Data supplied:

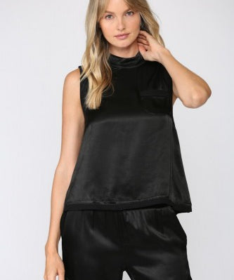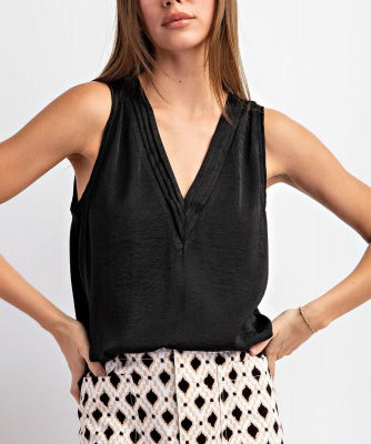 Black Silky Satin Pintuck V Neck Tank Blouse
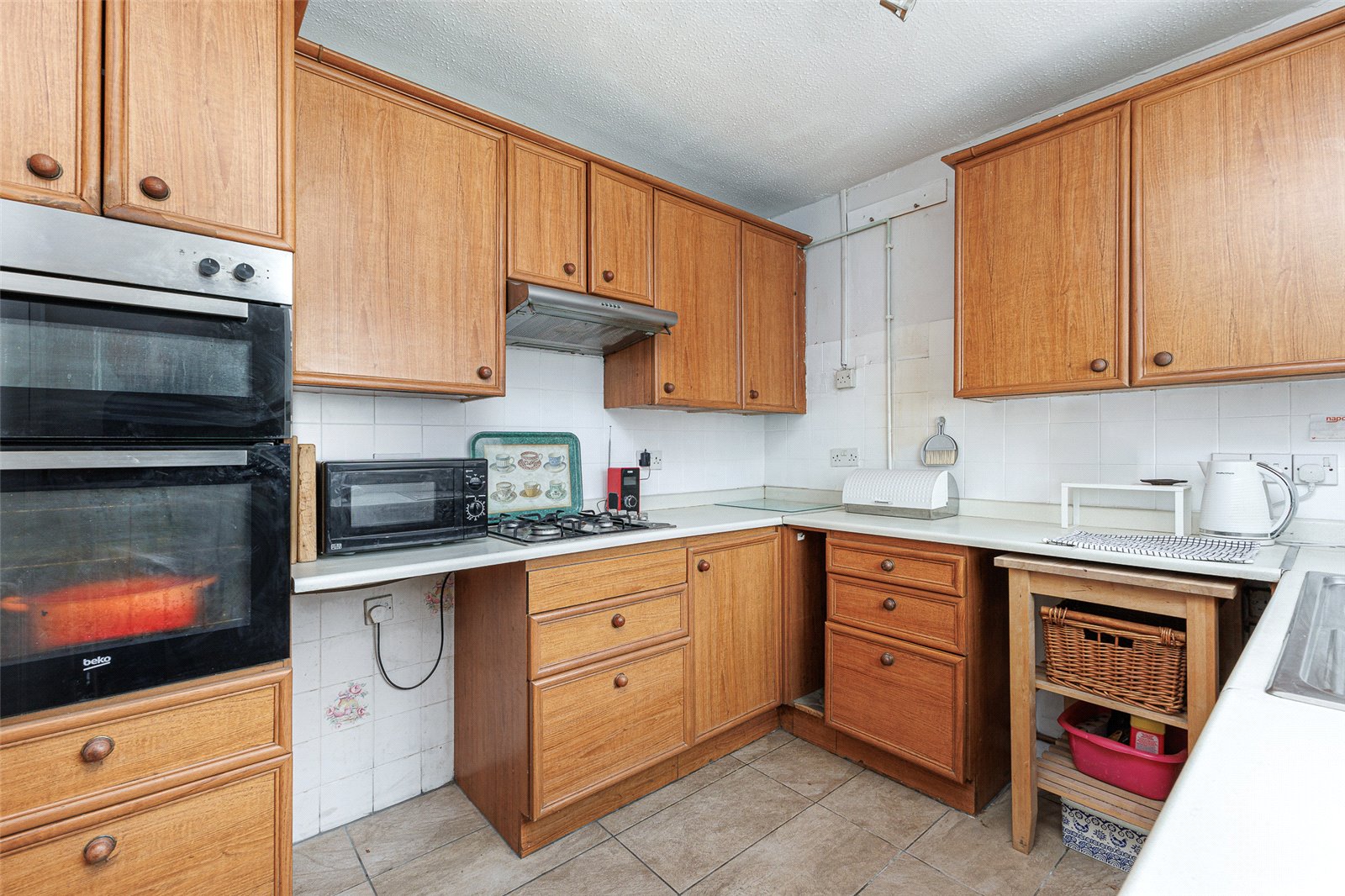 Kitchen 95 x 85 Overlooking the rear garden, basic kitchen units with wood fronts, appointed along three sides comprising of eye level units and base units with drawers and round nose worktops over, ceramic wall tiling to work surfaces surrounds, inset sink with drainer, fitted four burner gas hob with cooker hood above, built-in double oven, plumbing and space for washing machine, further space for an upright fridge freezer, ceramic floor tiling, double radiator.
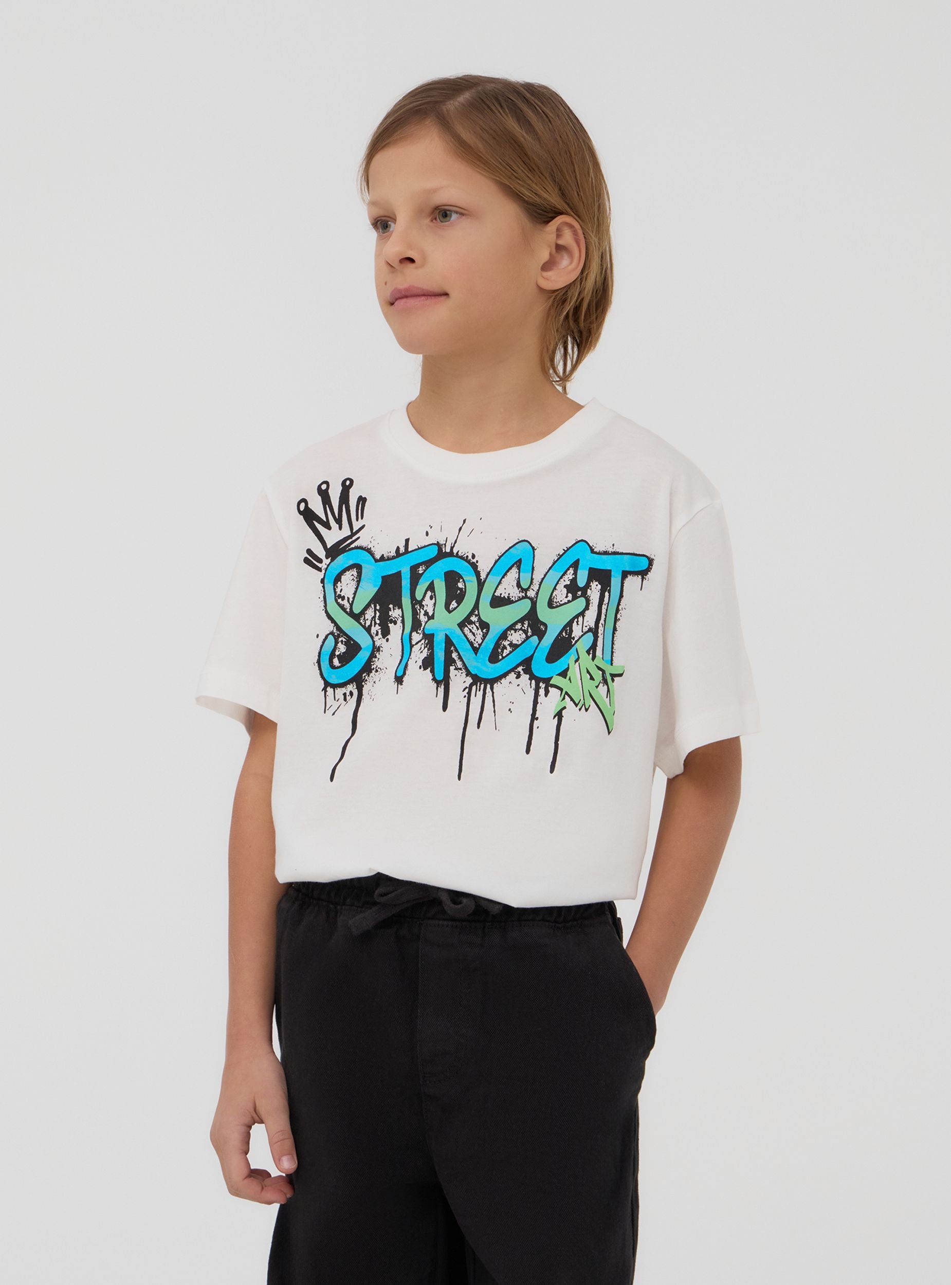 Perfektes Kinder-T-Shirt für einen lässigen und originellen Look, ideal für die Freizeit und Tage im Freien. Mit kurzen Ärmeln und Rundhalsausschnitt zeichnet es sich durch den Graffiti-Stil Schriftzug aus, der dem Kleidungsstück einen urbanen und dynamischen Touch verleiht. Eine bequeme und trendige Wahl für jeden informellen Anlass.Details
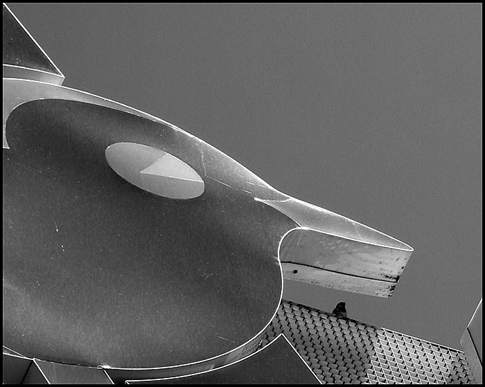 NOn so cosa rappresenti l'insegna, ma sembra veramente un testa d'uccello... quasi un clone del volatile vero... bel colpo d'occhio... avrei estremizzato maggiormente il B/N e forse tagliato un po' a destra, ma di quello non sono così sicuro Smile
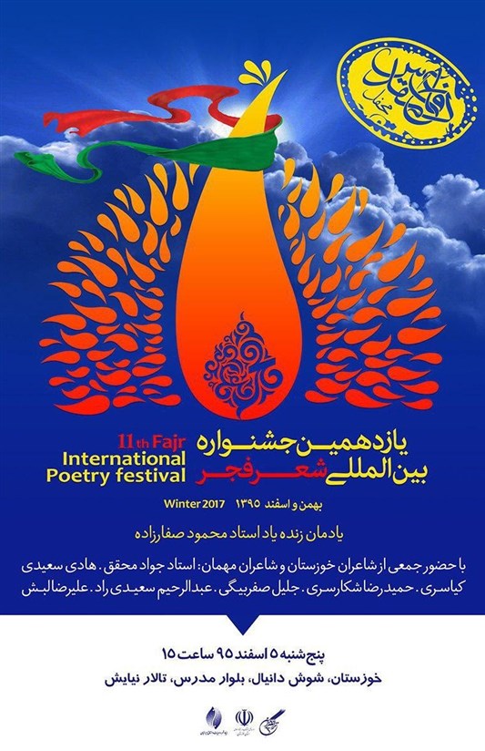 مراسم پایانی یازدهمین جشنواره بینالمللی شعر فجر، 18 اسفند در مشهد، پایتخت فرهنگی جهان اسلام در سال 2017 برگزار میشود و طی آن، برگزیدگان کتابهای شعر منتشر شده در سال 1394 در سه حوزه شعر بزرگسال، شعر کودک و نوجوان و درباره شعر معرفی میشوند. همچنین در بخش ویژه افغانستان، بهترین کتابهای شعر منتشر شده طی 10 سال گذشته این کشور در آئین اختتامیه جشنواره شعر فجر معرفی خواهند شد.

Brief: Because the copy must hold no pictures, return only the lines that run from the line containing "Perfektes Kinder-T-Shirt für" to the end of the data above, each exactly as it stands.

Exercise output:
 Perfektes Kinder-T-Shirt für einen lässigen und originellen Look, ideal für die Freizeit und Tage im Freien. Mit kurzen Ärmeln und Rundhalsausschnitt zeichnet es sich durch den Graffiti-Stil Schriftzug aus, der dem Kleidungsstück einen urbanen und dynamischen Touch verleiht. Eine bequeme und trendige Wahl für jeden informellen Anlass.Details
 NOn so cosa rappresenti l'insegna, ma sembra veramente un testa d'uccello... quasi un clone del volatile vero... bel colpo d'occhio... avrei estremizzato maggiormente il B/N e forse tagliato un po' a destra, ma di quello non sono così sicuro Smile
 مراسم پایانی یازدهمین جشنواره بینالمللی شعر فجر، 18 اسفند در مشهد، پایتخت فرهنگی جهان اسلام در سال 2017 برگزار میشود و طی آن، برگزیدگان کتابهای شعر منتشر شده در سال 1394 در سه حوزه شعر بزرگسال، شعر کودک و نوجوان و درباره شعر معرفی میشوند. همچنین در بخش ویژه افغانستان، بهترین کتابهای شعر منتشر شده طی 10 سال گذشته این کشور در آئین اختتامیه جشنواره شعر فجر معرفی خواهند شد.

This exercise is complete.